This is a new version of isub/4 which replaces the old version while providing backwards compatibility. This new version allows several options to tweak the algorithm.
- Arguments:
-
Text1 - and Text2 are either an atom, string or a list of characters or character codes. Similarity - is a float in the range [-1,1.0], where 1.0 means most similar. The range can be set to [0,1] with the zero_to_one option described below. Options - is a list with elements described below. Please note that the options are processed at compile time using goal_expansion to provide much better speed. Supported options are: - normalize(+Boolean)
- Applies string normalization as implemented by the original
authors: Text1 and Text2 are mapped
to lowercase and the characters "._ " are removed. Lowercase
mapping is done with the C-library function
towlower()
. In general, the required normalization is domain dependent and is better left to the caller. See e.g., unaccent_atom/2. The default is to skip normalization (false
). - zero_to_one(+Boolean)
- The old isub implementation deviated from the original algorithm
by returning a value in the [0,1] range. This new isub/4 implementation
defaults to the original range of [-1,1], but this option can be set
to
true
to set the output range to [0,1]. - substring_threshold(+Nonneg)

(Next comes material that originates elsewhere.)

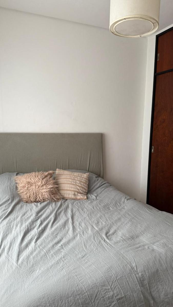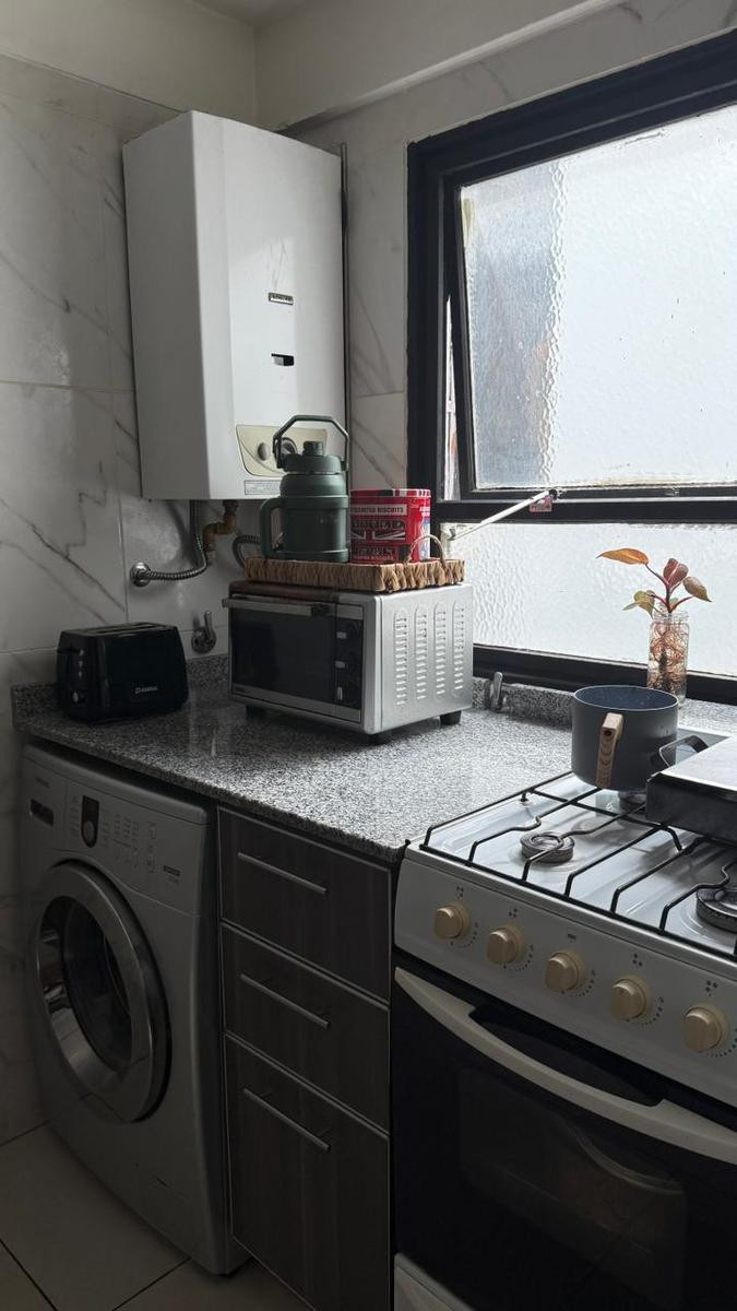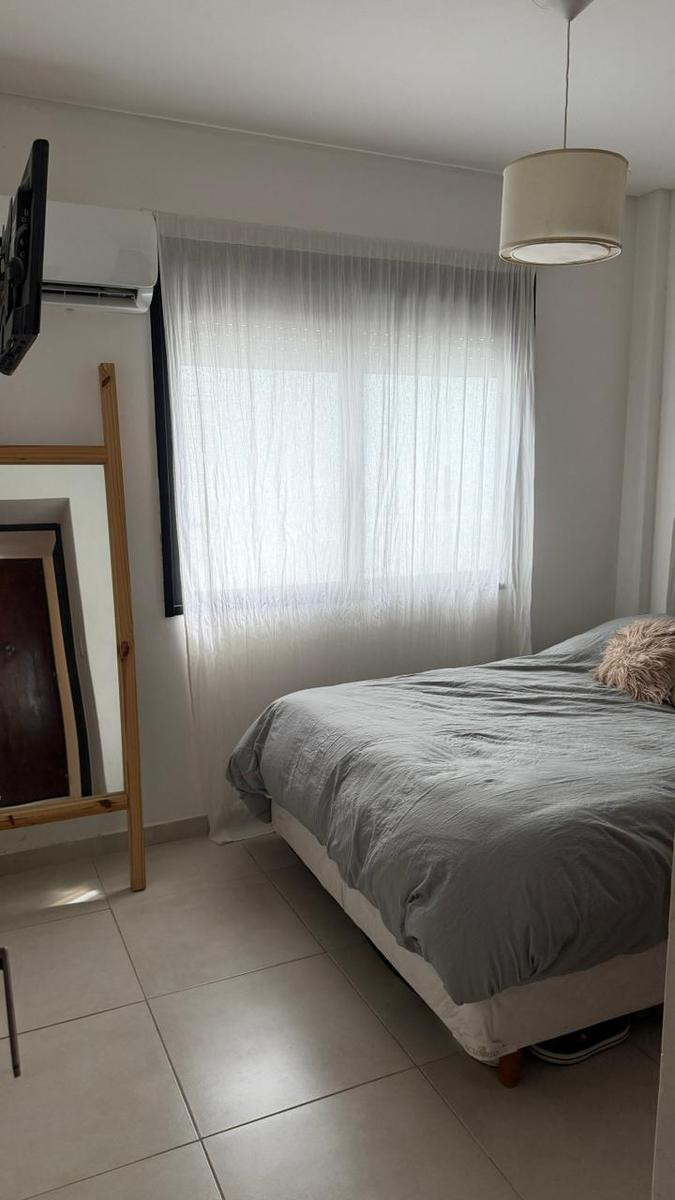 Two-room apartment with a living-dining room, bedroom with air conditioning, full bathroom, and an integrated kitchen with a laundry area. Building fees are $80,000 per month, with AySA charged together with the expensas, and ABL is $11,000. C.U.C.I.C.B.A. 1580.

- The original algorithm was meant to compare terms in semantic web ontologies, and it had a hard coded parameter that only considered substring similarities greater than 2 characters. This caused the similarity between, for example 'aa' and 'aa' to return -0.8 which is not expected. This option allows the user to set any threshold, such as 0, so that the similatiry between short substrings can be properly recognized. The default value is 2 which is what the original algorithm used.